Cumbias, currulaos, arrullos, salsa and other African-influenced rhythms vibrate in every corner of Buenaventura, but professional training is scarce.

Garcés discovered her artistic sensitivity as a child thanks to her grandparents, one deaf and the other blind. She had difficulty communicating with the rest of her family and was bullied at school, so her grandparents' house became a refuge.

Her grandfather "played the harmonica empirically" and she, she recalls, would "lie on the floor, put her ear to amplify the sound" and "imagine she was in another world".

When her grandmother passed away she felt she was losing her "pole to earth" without suspecting that out of the weeping and desolation would emerge "a new language": music.

"I was left alone (...) in the midst of that mourning, of that difficult moment for a 10-year-old girl, losing her only love reference in life is very strong," she recalls.

But one day, in the midst of tears, "I started to moan" and "wordless melodies began to come out of that moan.
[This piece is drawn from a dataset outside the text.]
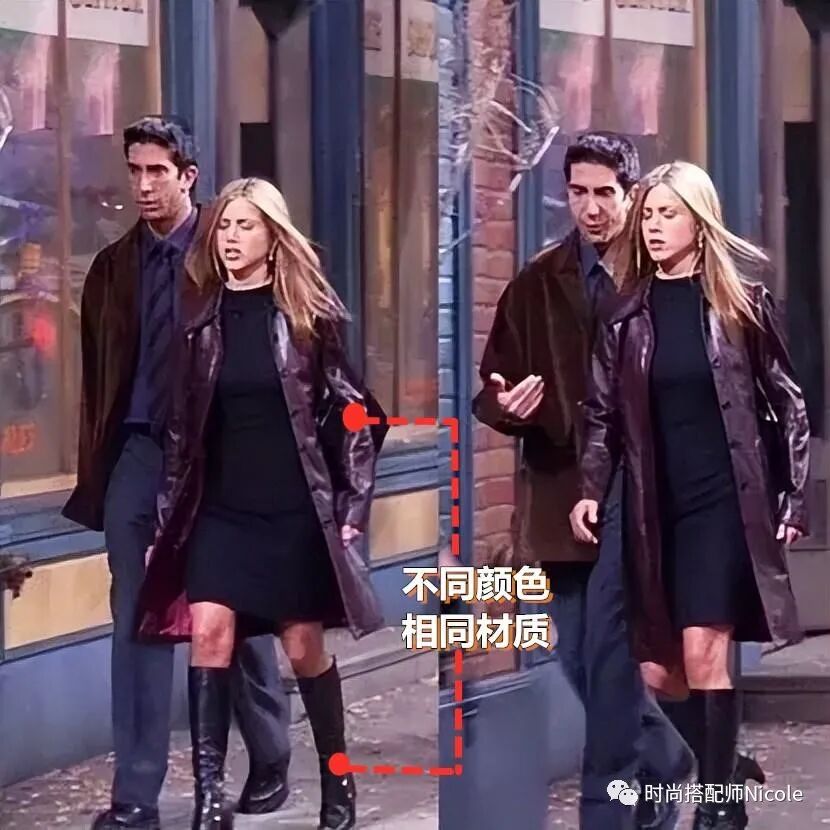 更妙的是!劇中還會在不同色彩裡用相同材質來呼應,黑色皮靴和紅棕色皮衣的組合,完全打開了色彩搭配的思路

It was my soul looking for an outlet for so much pain and so many emotions," she says, still emotional.

It is "the first moment where I have memory of a conscious singing and from that moment I began to sing and I did not stop," she concedes.

-A voice for others

Garcés' voice flies powerful in the capital's theater with Richard Strauss and the opera "Ariadne in Naxos".

With blonde wig and shiny dress, the singer hypnotizes and amuses with a parodic and critical piece about the theater world.

"Betty is a dreamlike Ariadne (...) splendid vocally and acting-wise," says director Joan Anton Rechi of Andorra.

In this version, Rechi mixes a classical tragedy with a popular flamenco show and places it in a party during World War II.

When Garcés makes the final bow the theater erupts in applause: "the affection with which the Colombian public receives you (...) makes you want to just spill out on stage," he says as his colleagues rehearse in the background wearing masks.

Today he looks back and is surprised that "despite the difficulties, somehow doors always open".

And if she tells her life story, it is "in the hope that some young" hesitant person will listen to her:

Because "if I were still that little girl I was, this story would give me the strength to try".